[Start of Attachment]
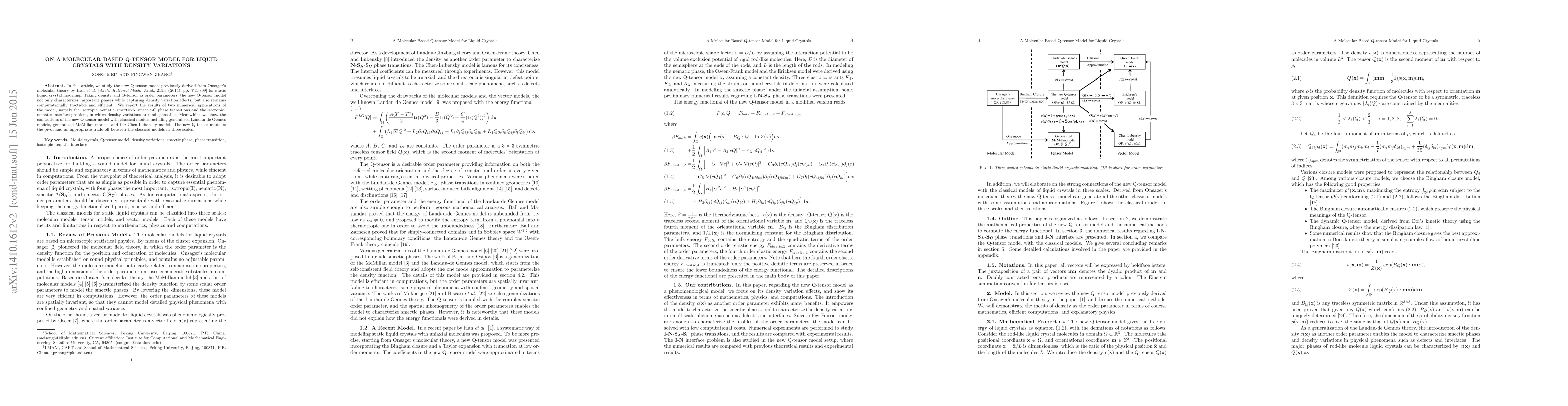 In this article, we study the new Q-tensor model previously derived from Onsager's molecular theory by Han \textit{et al.} [Arch. Rational Mech. Anal., 215.3 (2014), pp. 741-809] for static liquid crystal modeling. Taking density and Q-tensor as order parameters, the new Q-tensor model not only characterizes important phases while capturing density variation effects, but also remains computationally tractable and efficient. We report the results of two numerical applications of the model, namely the isotropic--nematic--smectic-A--smectic-C phase transitions and the isotropic--nematic interface problem, in which density variations are indispensable. Meanwhile, we show the connections of the new Q-tensor model with classical models including generalized Landau-de Gennes models, generalized McMillan models, and the Chen-Lubensky model. The new Q-tensor model is the pivot and an appropriate trade-off between the classical models in three scales.
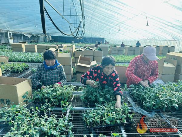 当日上午,记者走进野岗镇常马口村育苗大棚,一股热浪扑面而来,工人正在苗床间熟练地控水、挑苗、装箱,呈现出一派繁忙的景象。
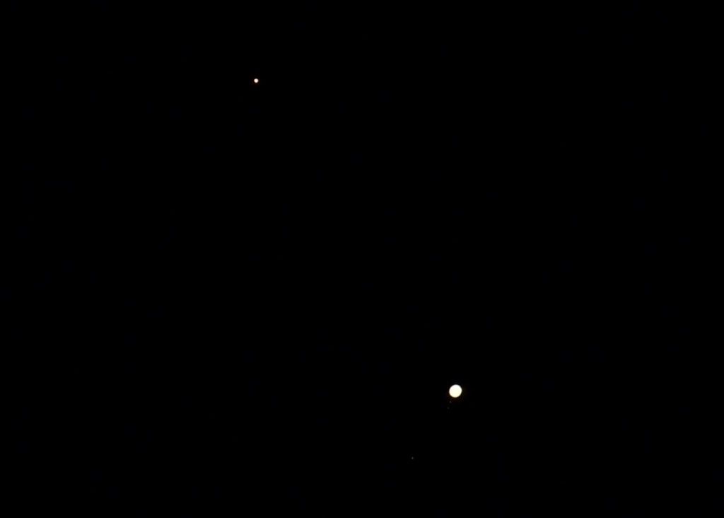 With the naked eye, these two planets looked like they were side by side and glowing brightly. When I used my camera zoom to take a photo, you could see the distance between them. I wish the camera could have taken the photo the way my eye saw it.
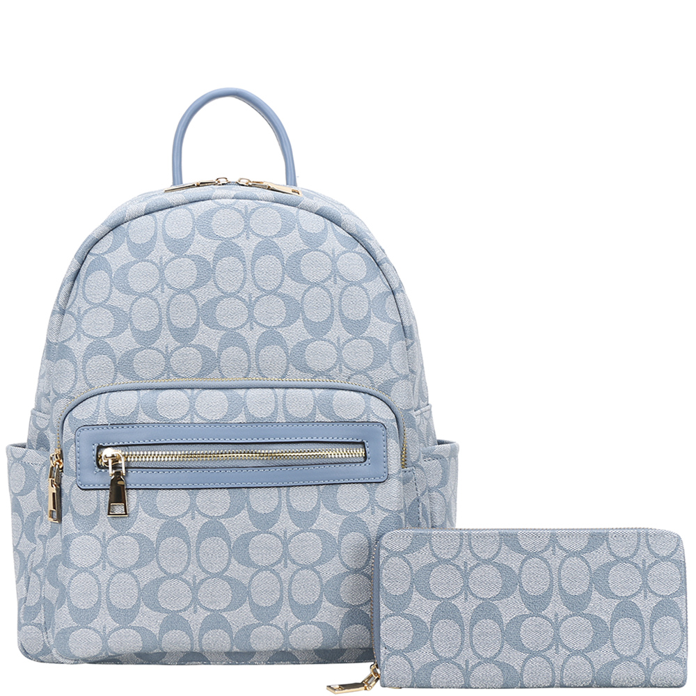 2IN1 OVAL PATTERN HANDLE BACKPACK W WALLET SET
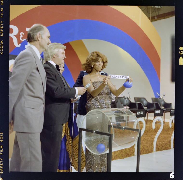 327886PD: A participant draws the name Colleen Bhiladvala from the barrel during the Drawing of the first Magic Million lottery in the studios of Channel 9, Perth, 1 April 1976. Colleen can just be seen wearing a sari behind the man at centre
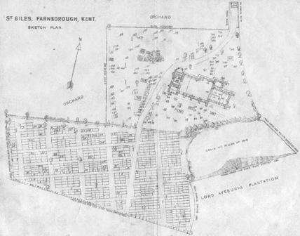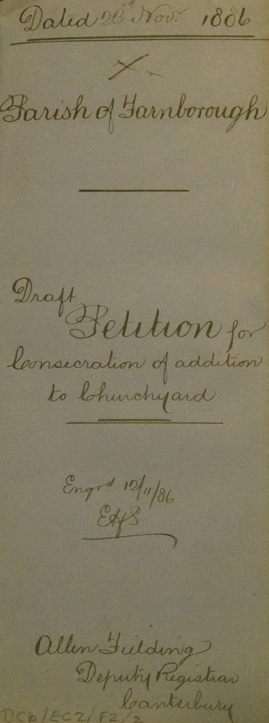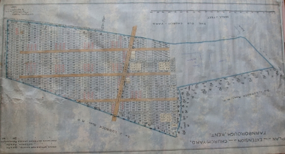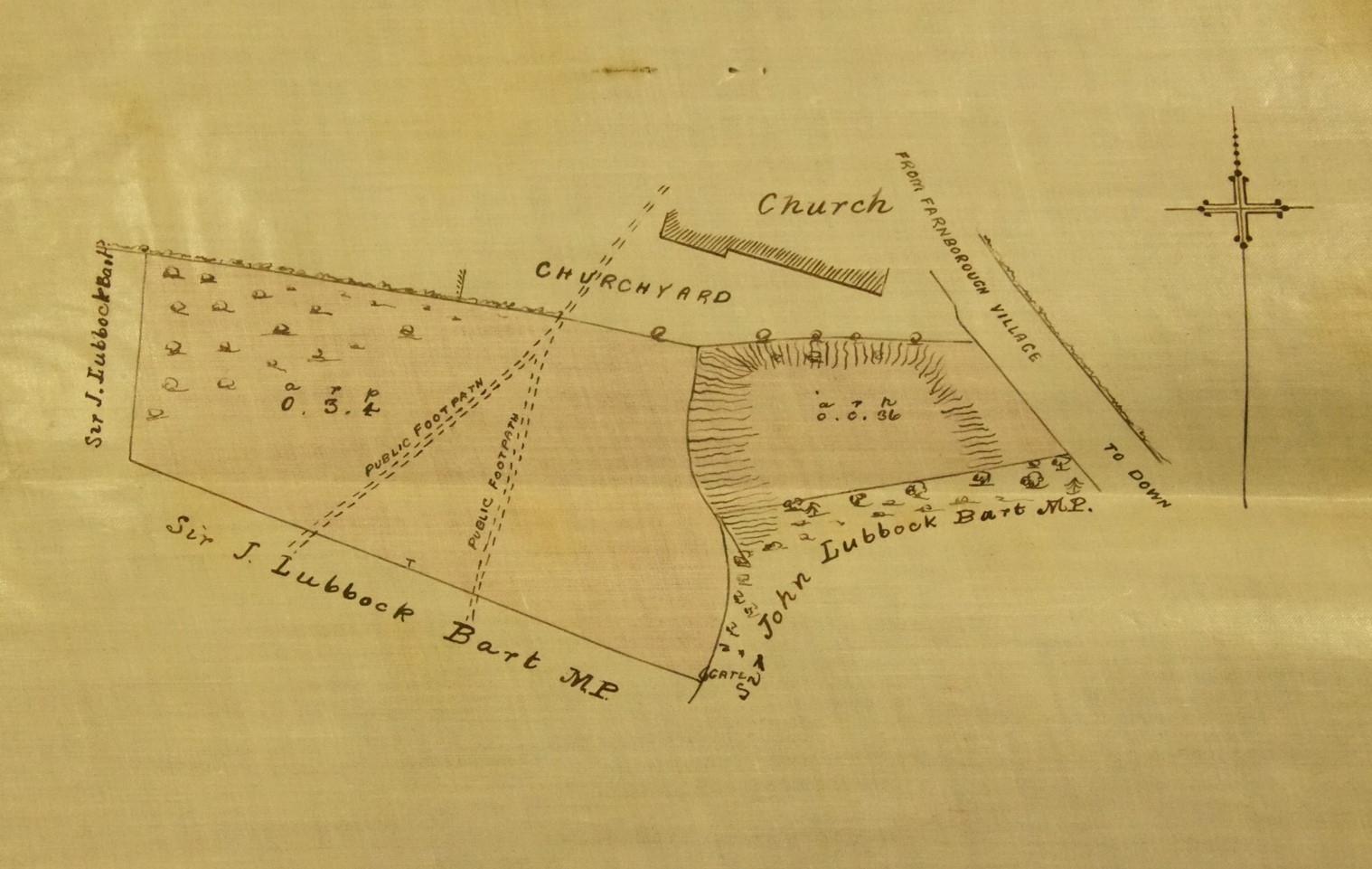 Once Farnborough became a full parish in 1885 an arrangement was made to purchase land from the Lubbock family to extend the graveyard.The plan above shows what is now part of the main graveyard before purchase, and to the right is the cover page from the purchase petition. Both are dated 1885.
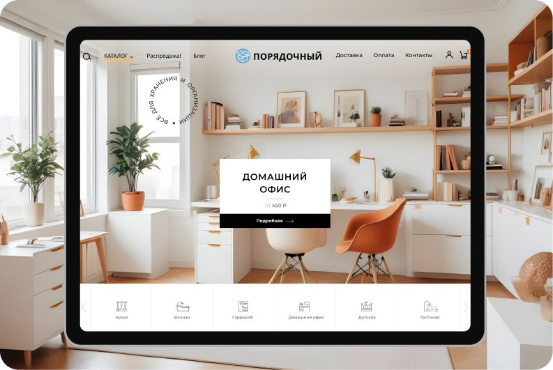 Создать дизайн премиального интернет-магазина решений для хранения и организации пространства, который отражал бы философию бренда: порядок как эстетика и комфорт.
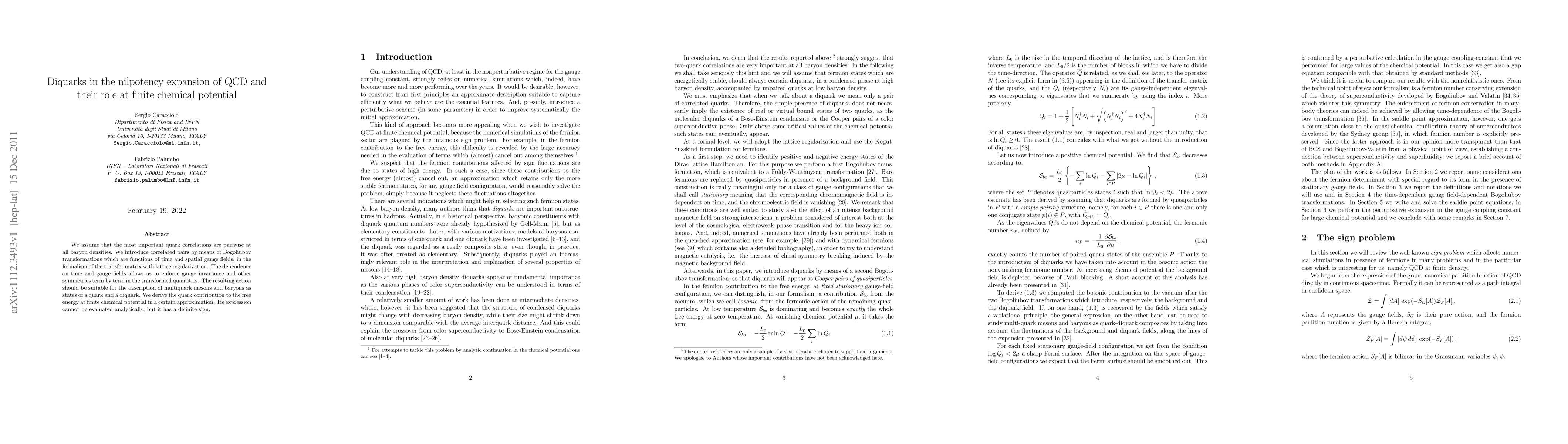 We assume that the most important quark correlations are pairwise at all baryon densities. We introduce correlated pairs by means of Bogoliubov transformations which are functions of time and spatial gauge fields, in the formalism of the transfer matrix with lattice regularization. The dependence on time and gauge fields allows us to enforce gauge invariance and other symmetries term by term in the transformed quantities. The resulting action should be suitable for the description of multiquark mesons and baryons as states of a quark and a diquark. We derive the quark contribution to the free energy at finite chemical potential in a certain approximation. Its expression cannot be evaluated analytically, but it has a definite sign.
[End of Attachment]
> EXERCISE:
Would you please repeat only the lines above, beginning at the one that has "当日上午,记者走进野岗镇常马" and stopping after the one that has "2IN1 OVAL PATTERN", exactly and with no pictures?

> YOUR SOLUTION:
 当日上午,记者走进野岗镇常马口村育苗大棚,一股热浪扑面而来,工人正在苗床间熟练地控水、挑苗、装箱,呈现出一派繁忙的景象。
 With the naked eye, these two planets looked like they were side by side and glowing brightly. When I used my camera zoom to take a photo, you could see the distance between them. I wish the camera could have taken the photo the way my eye saw it.
 2IN1 OVAL PATTERN HANDLE BACKPACK W WALLET SET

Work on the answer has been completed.